Use READ COMMITTED isolation during the StatRegion queries

Question

Use READ COMMITTED isolation during the StatRegion queries

jwhitlock opened this issue 3 years ago · 6 comments

The StatRegion task counts the number of stations per region, as displayed on https://location.services.mozilla.com/stats/regions. This counts items per region, such as:

SELECT wifi_shard_9.region, count(*) AS count_1 FROM wifi_shard_9 WHERE wifi_shard_9.region IS NOT NULL GROUP BY wifi_shard_9.region

These queries can take a long time, even with an index, and MySQL has to keep track of all other transactions while this is running, in order to get a consistent result. The change would be:

Use a READ COMMITTED isolation level when gathering the counts
Switch to a default REPEATABLE READ isolation level to update the region counts tables.

References:

Setting Transaction Isolation Levels including DBAPI Autocommit
Transaction Isolation Levels
confidential bug 1711761 (discusses transaction history growth with specific queries)
issue #1618 - Monitor transaction history length, which led to StatRegion as a potential culprit

Answer 1 · 2021-06-16T22:01:48.000Z

Starting a new transaction inside the task with "REPEATABLE READ" isolation is not interacting well with the testing code, which wraps the test code in a transaction to rollback any database writes. The "REPEATABLE READ" connection sees an empty database from the start of the test rather than the one setup with test rows.

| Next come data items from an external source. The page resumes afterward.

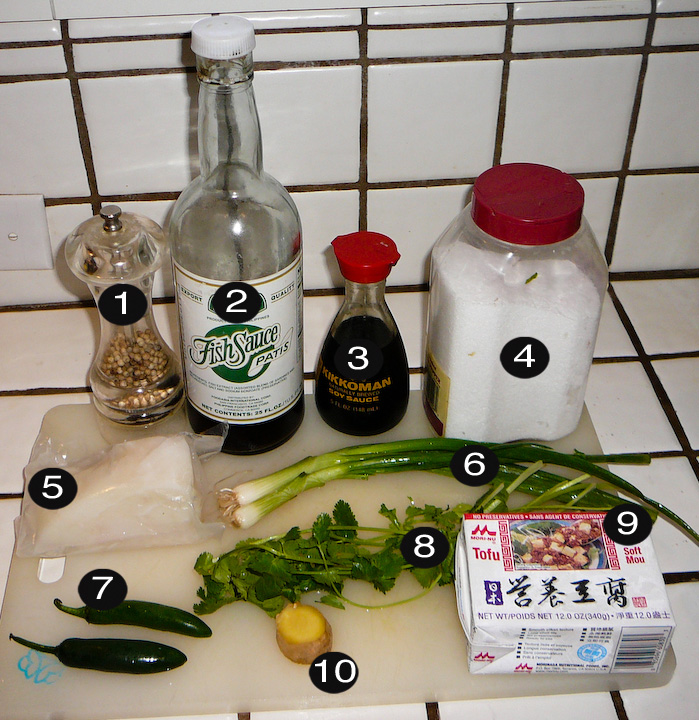 In a wide bowl place the pat-dry fish. Cover in white pepper and salt. Place the ginger, ginger, and chilies around the base of the fish. Scatter the green onions and cilantro above. Spoon in fish sauce and soy sauce.
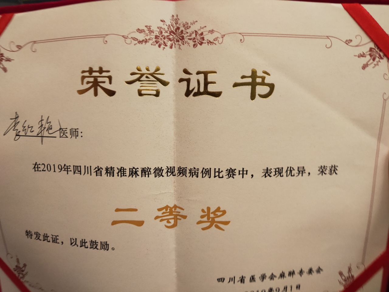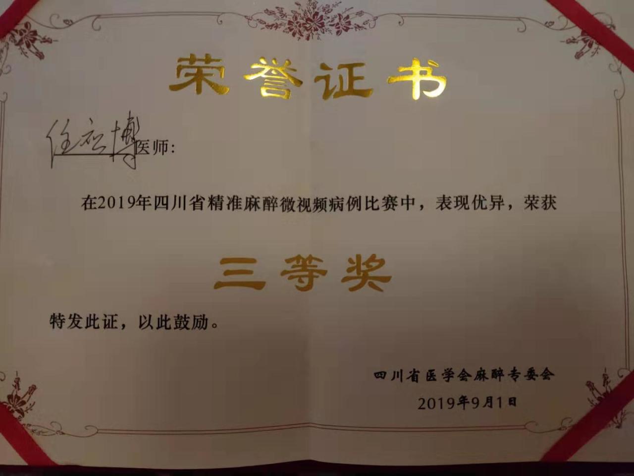 2019年9月1日,全国“精准麻醉微视频病例比赛”四川省赛区在成都举行,我院麻醉科医师李红艳、任应博荣获四川省赛区二等奖和三等奖,将代表四川省麻醉学分会参加西部区域赛。
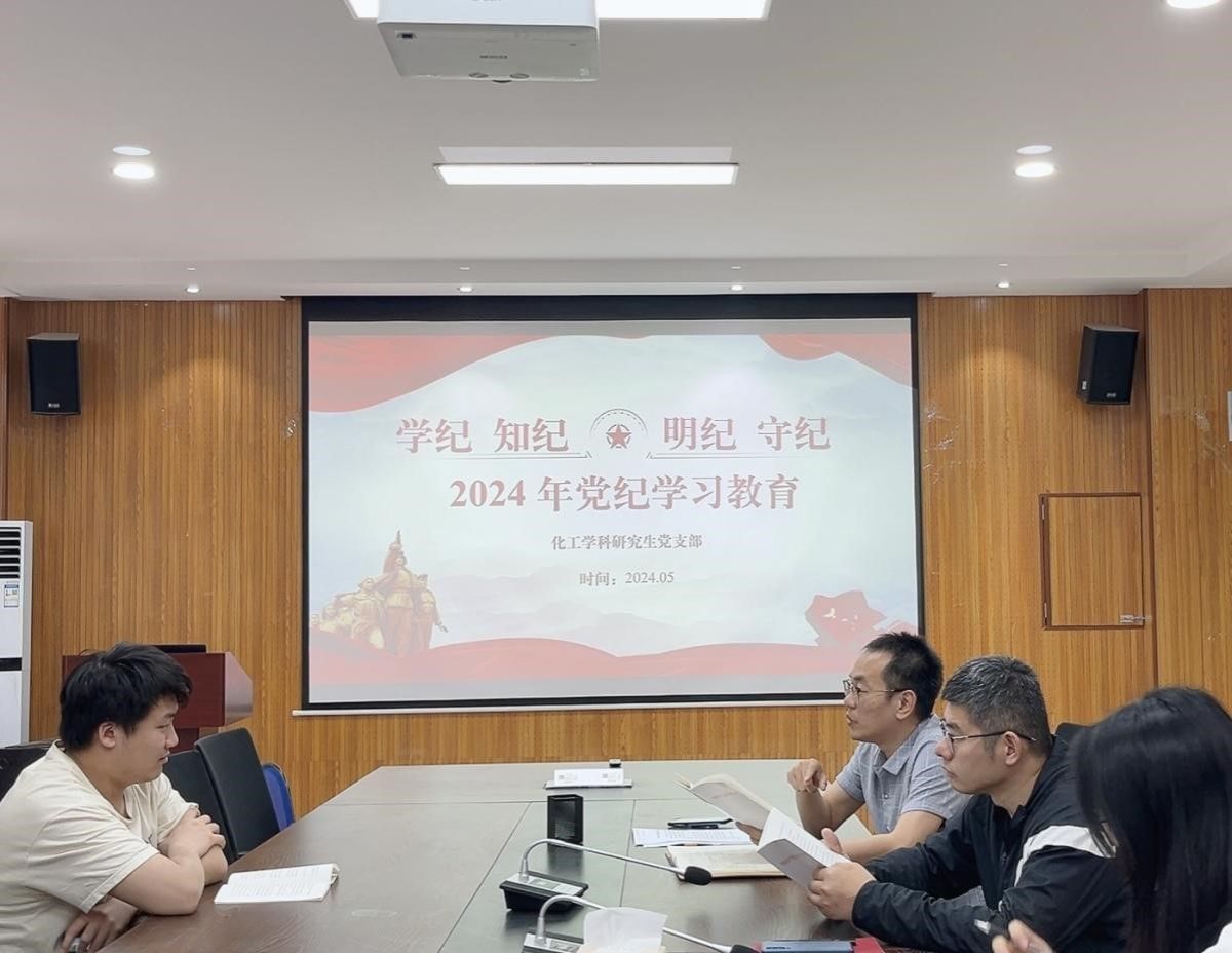 为深入学习贯彻新修订后的《中国共产党纪律处分条例》,进一步提高党员纪律意识。2024年5月10日,化工学科研究生党支部于环化楼507会议室举行以“学纪、知纪、明纪、守纪”为主题的党日活动。奈飞工厂

I'm thinking of next steps, but I'm leaning toward faking the isolation level in tests.

Answer 2 · 2021-06-17T02:21:34.000Z

A bit more info: the 16(?) queries all run in serial in one single transaction, so the history list has to keep track of all 4 hours of updates.

Answer 3 · 2021-06-17T22:21:30.000Z

I've pushed the change to the staging server. There is a nightly increase in transaction history there as well, but significantly less than production, so it will be harder to see the effect. An unexpected exception would be more significant, and good to catch and fix before going to production.

Answer 4 · 2021-07-06T21:36:15.000Z

On stage, before this change the maximum transaction history length was 1019, peaking after midnight UTC. After the change, the maximum transaction history length was 105. There were no unexpected exceptions, so I think this is safe to try in production.

Answer 5 · 2021-07-13T15:16:20.000Z

We deployed this to production, and it looks good after one run. In the previous days, the maximum transaction history ranged from 176,000 to 297,000, and stayed high for 6 to 16 hours. In last night run, the peak was 28,000, and dropped after four hours.

I'm closing the issue, and will continue to monitor.

Answer 6 · 2021-08-02T19:18:11.000Z

Oops, said I was closing in the comment, but did not close.

This change has an effect on replica lag. Instead of growing during the day and reducing to 0 seconds at off-peak times, the lag continued to grow each day, requiring manual intervention. Removing half of the async workers appears to fix the issue, with no noticeable change in the total number of observations processed.